Jill Pilaroscia, IACC - NA, ISCC
Color in a Multicultural City

Does red mean strength, power, love? Prosperity, rage, death? Influences like politics, religion, myth, and language contribute to how cultural colors are perceived. No universal roadmap for color symbology is viable. This fact makes color associations in each culture distinct, thus posing complex considerations when selecting color in a vibrantly diverse city like San Francisco.
If you’re joining in the Chinese New Year festivities starting on February 1, 2022, you’ll have an opportunity to explore how cultural associations with color define a sense of place, and how each new layer must walk a line between rootedness and mimicry. Red dominates the streetscape and architecture of Chinatown. Lanterns, banners, and strings of red lights cast a distinctive warm glow symbolizing luck, fertility and prosperity. Yet, the color landscape of this historic neighborhood is much richer and more nuanced.
A few years ago, Colour Studio Inc. was asked to update a significant Chinatown landmark at the intersection of Grant and California Street, a building we previously colored in 2001. In the intervening years, as Chinatown has experienced a renaissance as a cultural destination thanks to neighborhood activists. While the building’s classical Chinese details call for celebration and acknowledgement of its roots, new establishments, like the Michelin-starred Mr. Jiu’s, Empress by Boon, and China Live with their restaurants, bars, and curated markets introduced a modern air.
As with our original palette, we studied expressions of Chinese color associations creating a color palette that engages the neighborhood’s past and present. This research informed a new updated palette of eight colors plus gold leaf grounded in positive color traditions, yet brighter and more urbane.

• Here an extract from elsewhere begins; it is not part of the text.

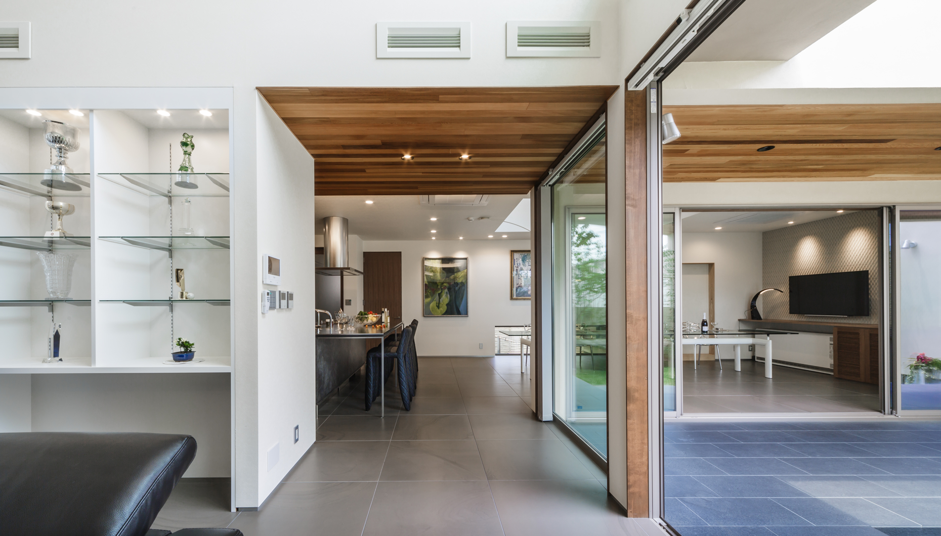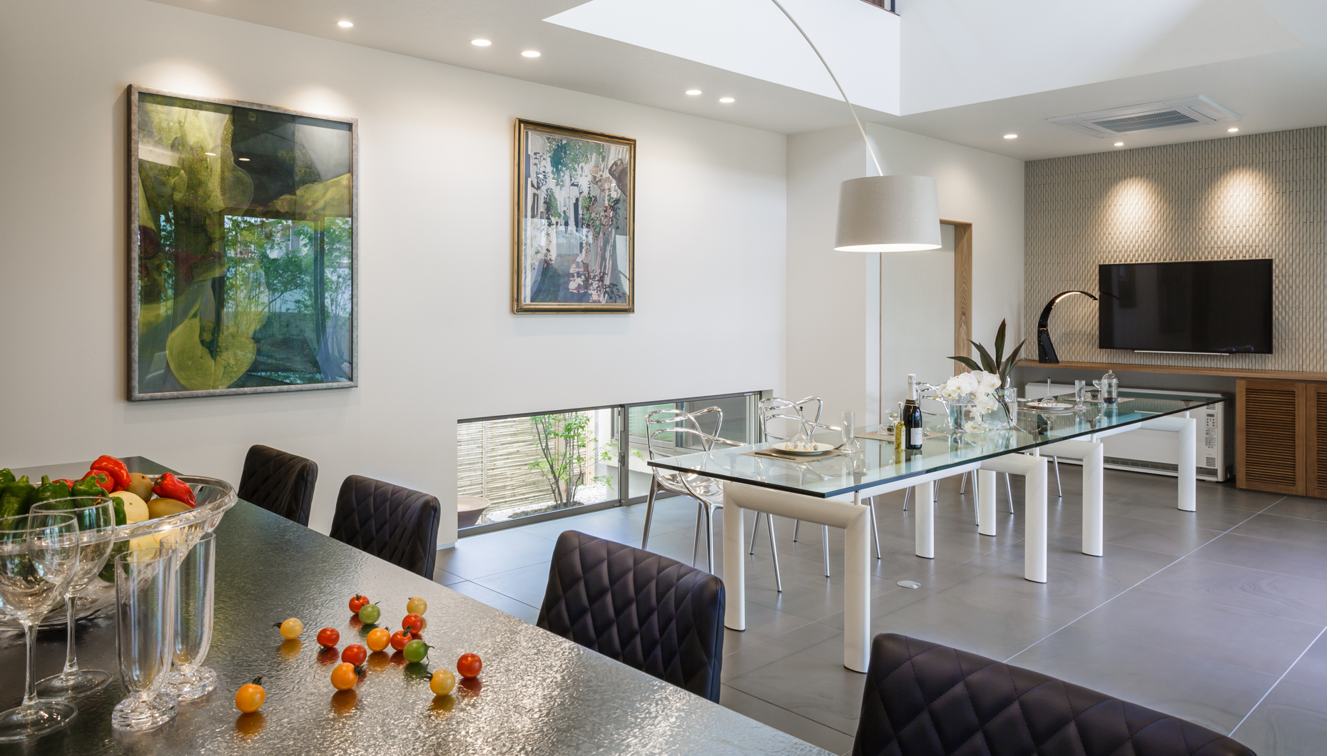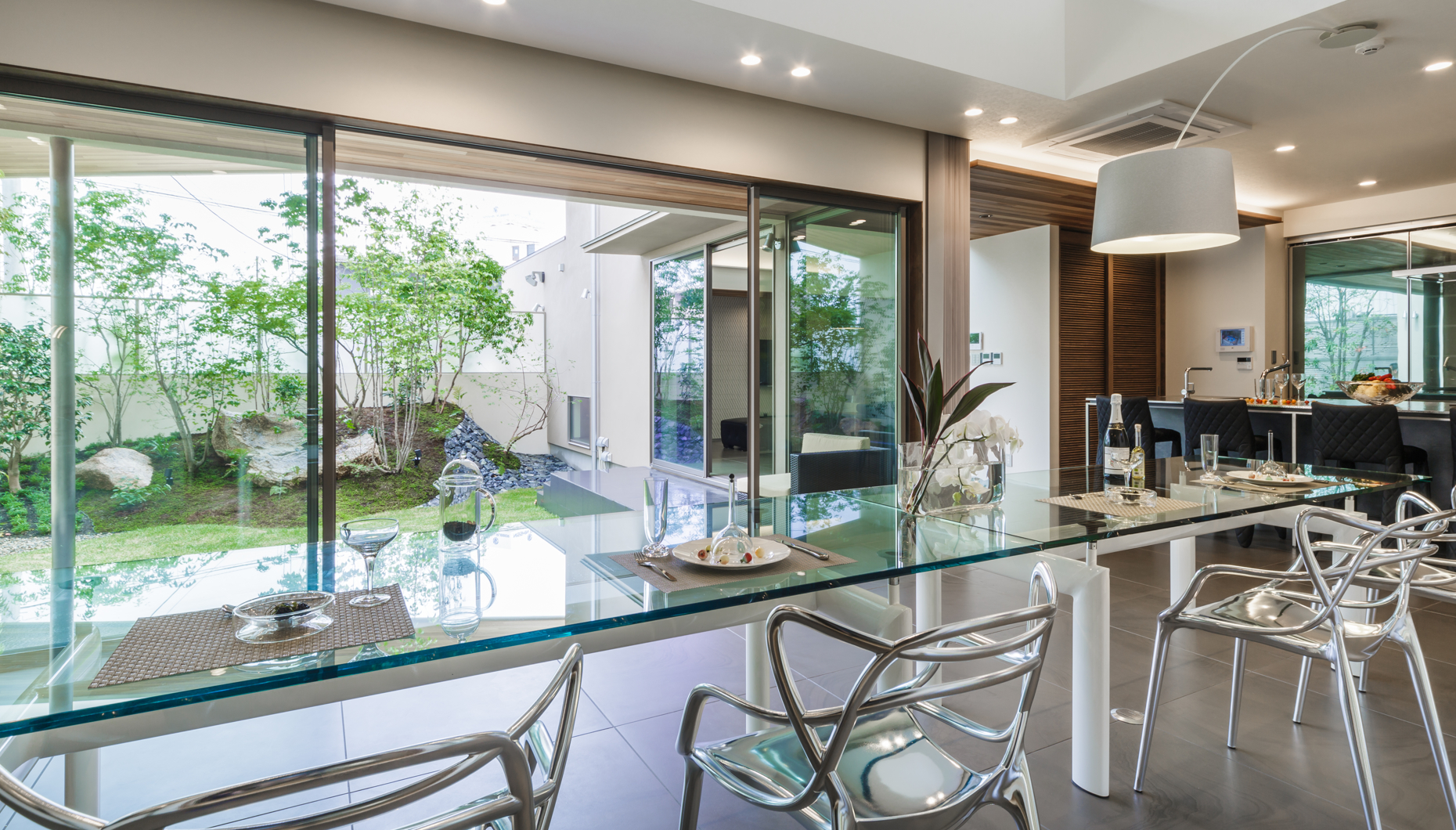 中庭の緑を見ながらキッチンでの作業ができ、またお料理が楽しめる開放的で素敵な空間です。

Unique to the building is the gold brick façade which distinguishes the building from its traditional red brick neighbors.

Painting part of the gold brick in a complementary and contrasting teal hue breaks down the massing of the brick, creates surface texture at indentations, emphasizes the soffited underceilings and frames the distinctive architectural motifs.


The eight colors and gold leaf accentuates the tiled pagoda roofs, curved fascias, the I Ching Bagua, and the six pairs of powerful dragons.

Placing gold paint on the large curved brackets draws the eye toward the sky accentuating the buildings prominence in the streetscape.